## The problem
The answer must reproduce all of the data below exactly and contain no images.

## Collected data
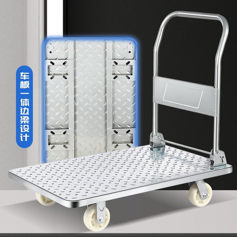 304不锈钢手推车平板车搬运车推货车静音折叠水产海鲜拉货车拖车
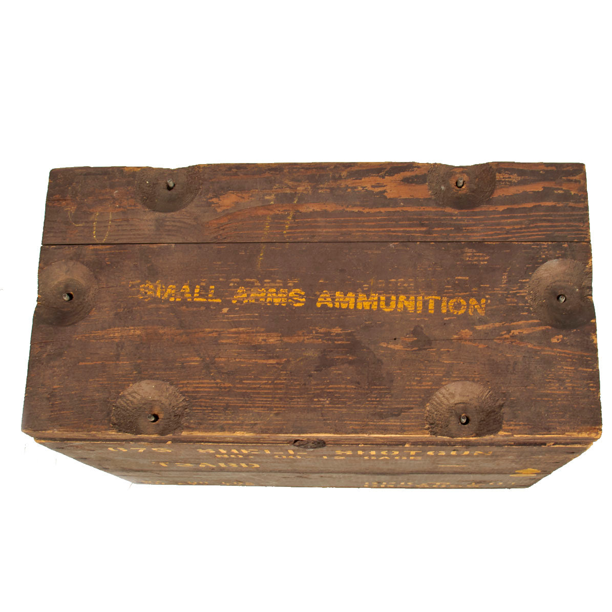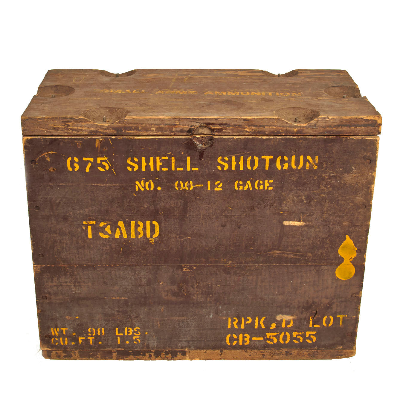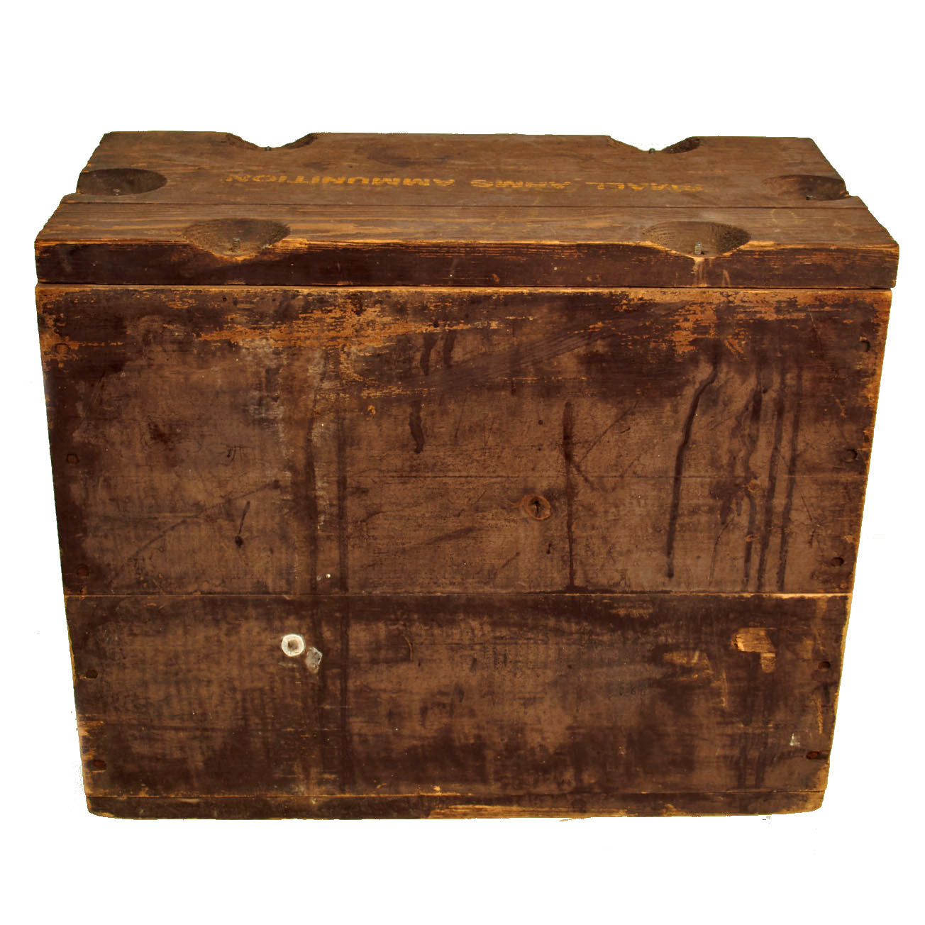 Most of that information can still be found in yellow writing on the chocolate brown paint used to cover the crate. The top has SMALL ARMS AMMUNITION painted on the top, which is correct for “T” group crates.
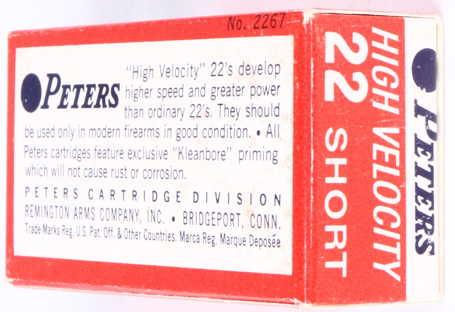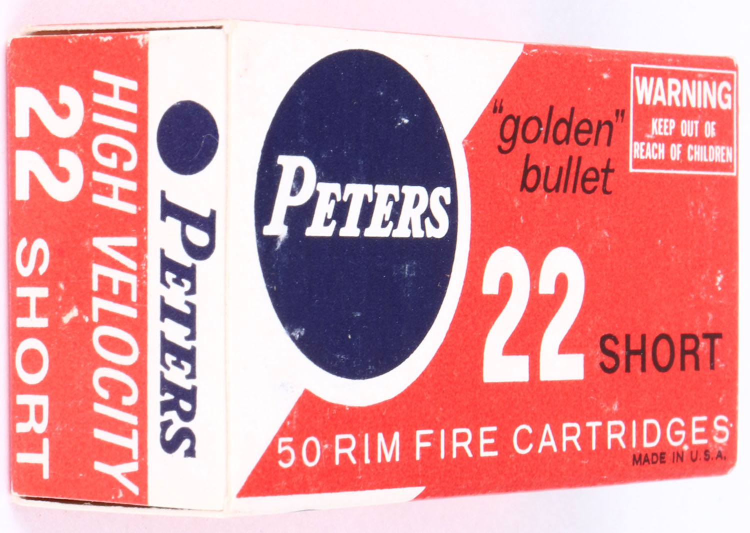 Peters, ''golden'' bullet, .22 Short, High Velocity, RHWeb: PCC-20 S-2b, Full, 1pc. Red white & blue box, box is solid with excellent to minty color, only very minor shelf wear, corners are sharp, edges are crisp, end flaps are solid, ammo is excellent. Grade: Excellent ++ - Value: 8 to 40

## Response below
 304不锈钢手推车平板车搬运车推货车静音折叠水产海鲜拉货车拖车
 Most of that information can still be found in yellow writing on the chocolate brown paint used to cover the crate. The top has SMALL ARMS AMMUNITION painted on the top, which is correct for “T” group crates.
 Peters, ''golden'' bullet, .22 Short, High Velocity, RHWeb: PCC-20 S-2b, Full, 1pc. Red white & blue box, box is solid with excellent to minty color, only very minor shelf wear, corners are sharp, edges are crisp, end flaps are solid, ammo is excellent. Grade: Excellent ++ - Value: 8 to 40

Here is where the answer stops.